# Google Currents



## spinik (Oct 28, 2011)

Has anyone found a version that works without problem ? The versions i have used all have forse close issues. 
I also wonder if there is a way to have full greek support it seems to not have certain greek letters but that is from the android built.


----------



## Alex (Nov 4, 2011)

Latest version works flawlessly on Alpha 2.5... then again,2.5 works better for me than CM Alpha 3...


----------



## spinik (Oct 28, 2011)

Fixed fonts by installing deja vu on droidsansfallback 
Fc still a problem on a3.5


----------



## cloutierhaker (Sep 29, 2011)

I found that by resetting my Android to factory settings with clockwork mod fixed the problem and many others.


----------



## chadastrophic (Nov 5, 2011)

Currents works fine with CM ICS Alpha.

Sent from my cm_tenderloin using Tapatalk


----------



## pwlorraine (Oct 19, 2011)

I had lots of problems with CM7 but Currents is working fine with CM9 - no more fc.

Peter


----------



## daonei (Oct 15, 2011)

Can someone tell me what's so great about Google Currents?
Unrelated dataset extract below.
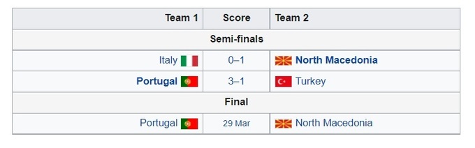 Таким образом, 29 марта Португалия и Северная Македония сразятся за путевку в финальную часть чемпионата мира. Встреча пройдет в Португалии.
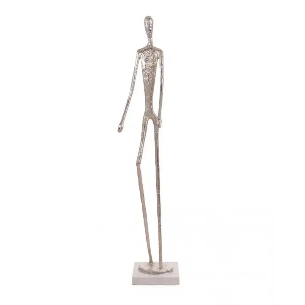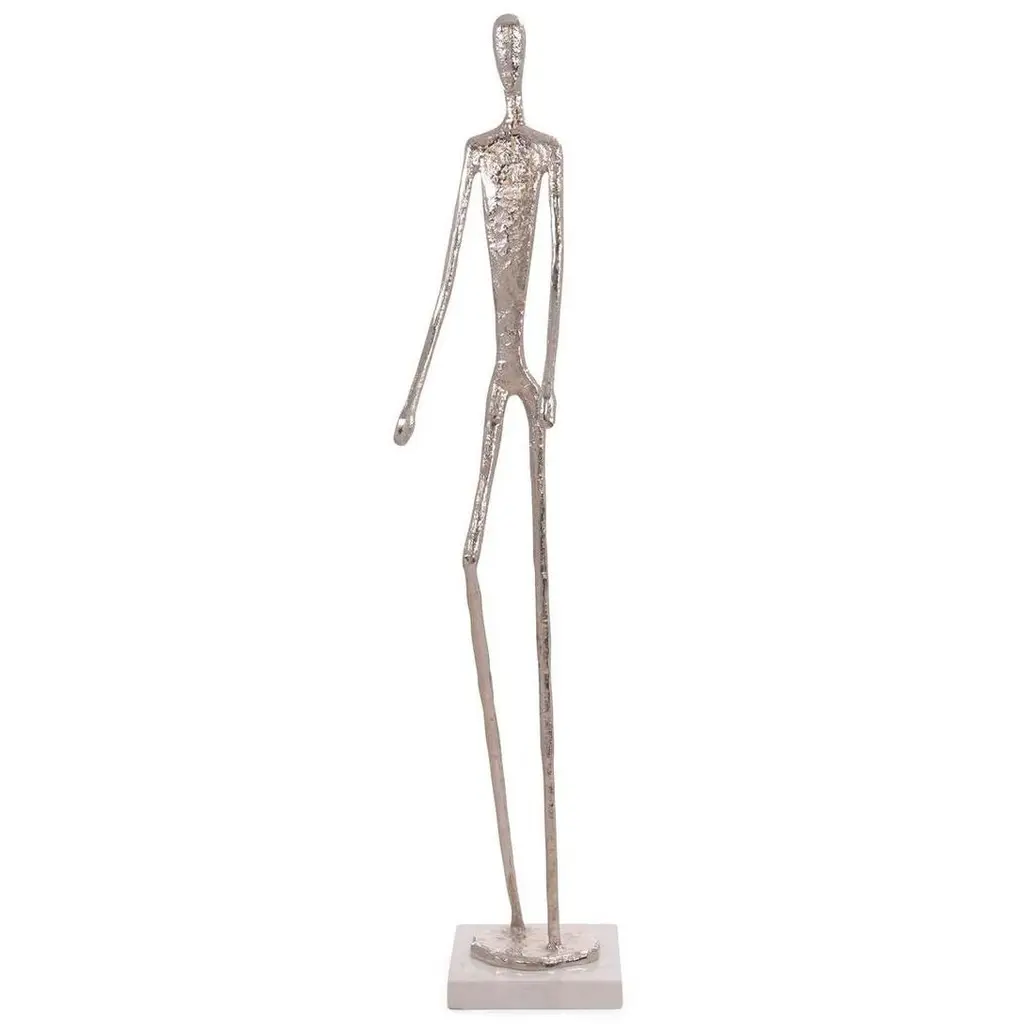 The Posing Silhouette Sculpture is a delightful accent to infuse an interior with fun personality. Crafted from metal in a nickel finish, this sculpture strikes a pose, as if modeling for a photo. The sculpture gently rests atop a stylish base of white marble.

It takes so long to load that it is virtually useless to me... I love Flipboard on iOS and wish they'd make a similar app for Android...Any comments or suggestions to improve the speed with which it buffers and loads?


----------



## traximpact (Jan 18, 2012)

I just love Currents, the pictures look pixelated on the touchpad ICSalpha0.5 though.


----------



## vmax711 (Nov 1, 2011)

am not able to locate it on my market...any suggestions please?


----------



## spinik (Oct 28, 2011)

All problems fixed on Ics. The application is not available outside the us market so just side load it . Search on Google for the apk


----------